As we mark International Women's Day this March, I'm reminded that progress is never guaranteed - it's built one conversation, one innovation, one choice at a time.

Every day, I walk into work knowing I'm one of relatively few women leading in a traditionally male-dominated industry. Security technology might not be the first space people think of when they talk about women in tech, but it's precisely in areas like ours that the perspectives and lived experience of women can reshape not just products, but people's sense of safety and confidence in the world around them.

I became passionate about security because it matters in the most personal of ways: how we feel when we leave home, travel to meet friends, walk back from work, and, ultimately, how we feel the moment we arrive at our front door. But in my conversations -  with women colleagues, friends and customers - it became clear that many of the accepted assumptions about safety simply didn't reflect reality.
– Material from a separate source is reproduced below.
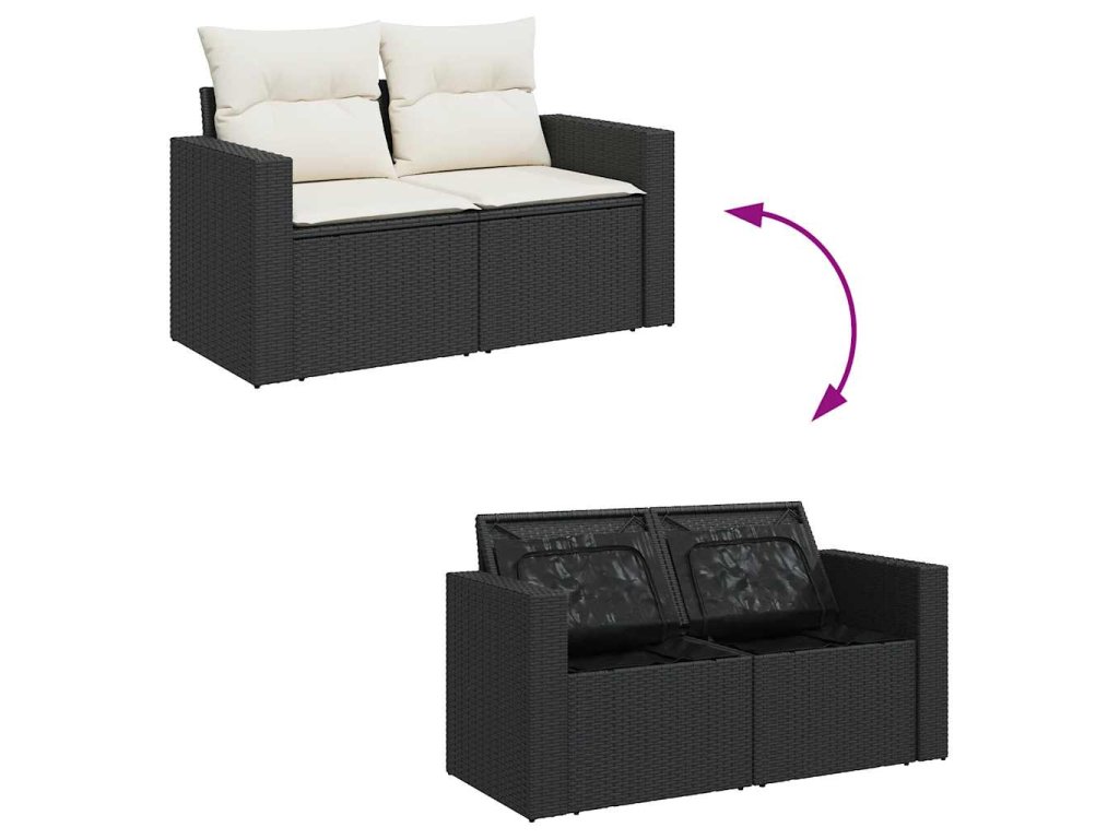 - Úložný prostor s voděodolným vakem: Každý zahradní sedací díl má úložný prostor pod sedákem, který je opatřen voděodolnou vložkou a poslouží vám k ukládání podušek, hraček a dalších věcí. Vnitřní vaky mají horní kryt a lze je bezpečně připevnit k sedákům pomocí suchého zipu, což zaručí větší stabilitu.

That's why earlier this year, Ultion published research exploring how women feel about safety after dark. What we found isn't just a set of statistics; it's a narrative about how women adapt their lives in response to fear. More than two-thirds of women reported feeling less safe when the nights draw in, and many adjust their routines - avoiding social plans, altering routes home, calling someone on a walk back - simply to feel safer. Crucially, a significant proportion say the moment they most feel vulnerable is approaching their own front door, fumbling for keys in the dark.

Those insights haven't just shaped our research agenda - they've shaped my view on what smart security must be. Smart technology, from keyless access to app-enabled locks, isn't about bells and whistles. It's about eliminating moments of vulnerability that most of us have learned to tolerate as part of everyday life.

As a woman in this industry, I've also learned that challenging norms isn't optional - it's essential. I've often been the only woman in the room, navigating conversations about engineering, testing, and innovation while bringing the lived experience of real security needs to the table. That perspective, forged through both professional expertise and personal experience, is where true innovation starts.

But progress extends beyond any one company; we need more women in tech, particularly in leadership roles, not as tokens, but as drivers of change. The world's most pressing security challenges, whether at home, at work, or online, cannot be solved by homogeneous thinking. Technology is never truly safe unless the people who build it reflect the people who use it.

This International Women's Day, let's celebrate the women who have already opened doors, both literally and figuratively, and make a collective commitment to widening the path ahead. Let's champion equity in tech not because it's a box to be ticked, but because it results in products that genuinely make lives safer and more inclusive.